Platinum loadings and platinum substitution for palladium could be higher than estimated
One of the unexplained phenomena of recent times has been China’s net platinum imports consistently exceeding the country’s identifiable demand, a trend which has only accelerated in recent quarters, and which remains unexplained. Global import/export data should probably always be treated cautiously with regard to absolute accuracy, but the magnitude of the discrepancies in China cannot be accounted for in terms of inaccuracies alone.

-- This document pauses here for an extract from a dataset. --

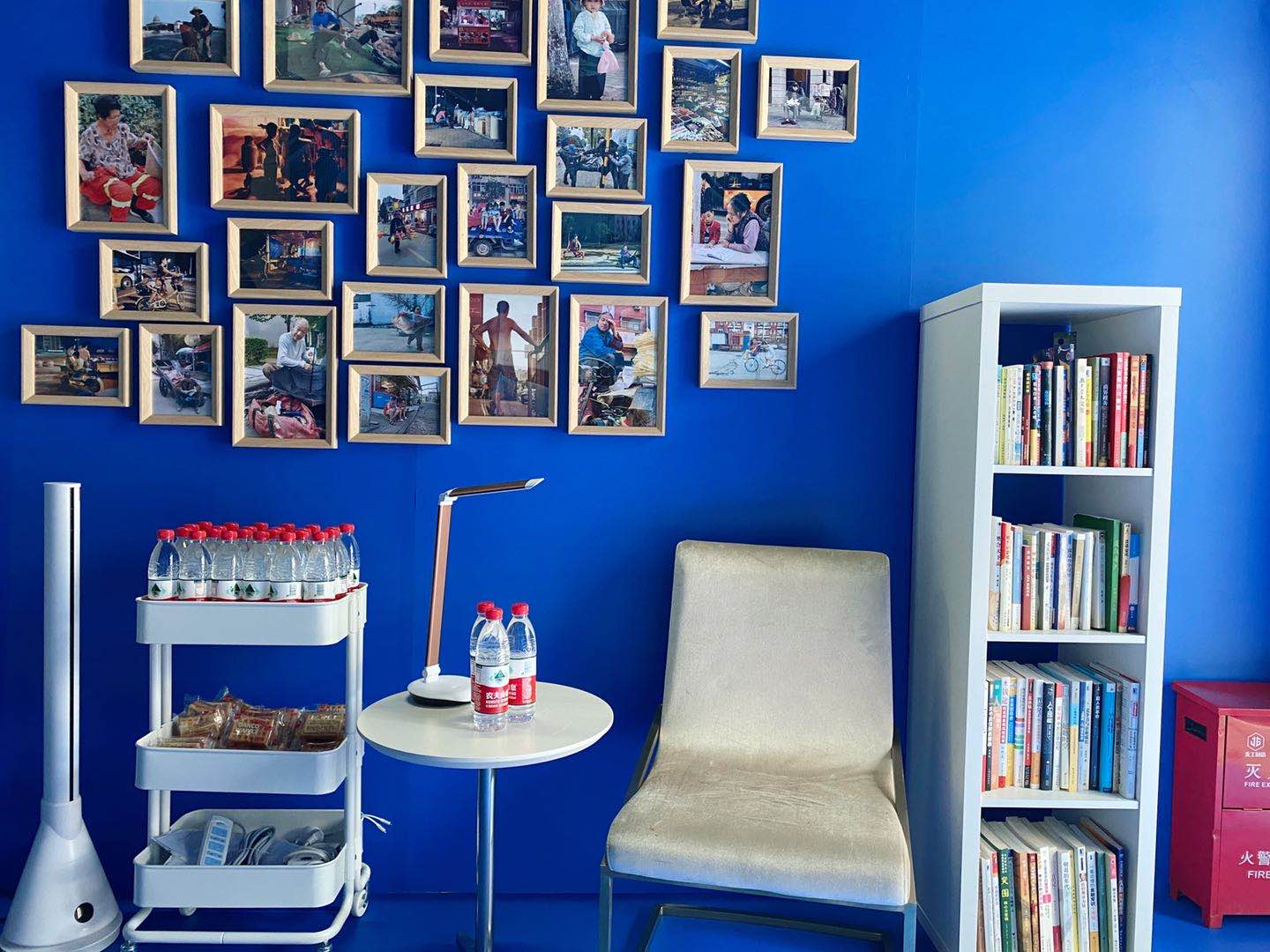 此外,休息站还布置了一个“阅读角”,书籍有百本,类别丰富,如世界名著《假如给我三天光明》、励志类书籍《没有双脚,所以努力奔跑》,健康养生类的《腰酸背痛一扫光》,还有育儿书《男孩为何要“穷”着养》等等,供骑士免费阅读。

One possible reason could be that participants in China’s hydrogen and fuel cell industries are building a strategic inventory of platinum (at attractive prices), but another could be that per vehicle platinum loadings are higher than estimated, which could certainly be true in the context of China VI loadings which appear significantly lighter than those of vehicles in regions meeting comparable emissions standards.
For example, in the heavy-duty vehicle segment we estimate that platinum loadings in China could be less than 3g per vehicle in 2021, in comparison to an estimate of over 20g per vehicle in Europe (albeit that China VI was implemented only in July 2021). While we can see from the data in 2021 that platinum imports are running ahead of demand projections, we can also see that palladium imports are running below demand expectations.
It could be that China had previously built domestic stocks of palladium which are now being drawn upon for automotive use, or it could be that there is greater substitution ongoing within the automotive sector in China specifically. Based on one-for-one substitution with platinum, the 2021 palladium deficit of 1,069 koz, as estimated by Metals Focus in May this year, would be reduced by at least the forecast 200 koz of global platinum substitution.
More broadly, beyond China, it is also possible that the scale of platinum substitution for palladium is being underestimated. Forecast automotive platinum demand in 2021 includes 200 koz for palladium substitution, with a more than doubling of that in 2022. Despite the surpluses forecast in both years, exchange outflows, high lease rates and relative platinum price strength suggest the market is currently tighter than the forecast surpluses would suggest.
As such, it is quite possible that higher than expected substitution rates in combination with high China imports could be keeping market availability of platinum low.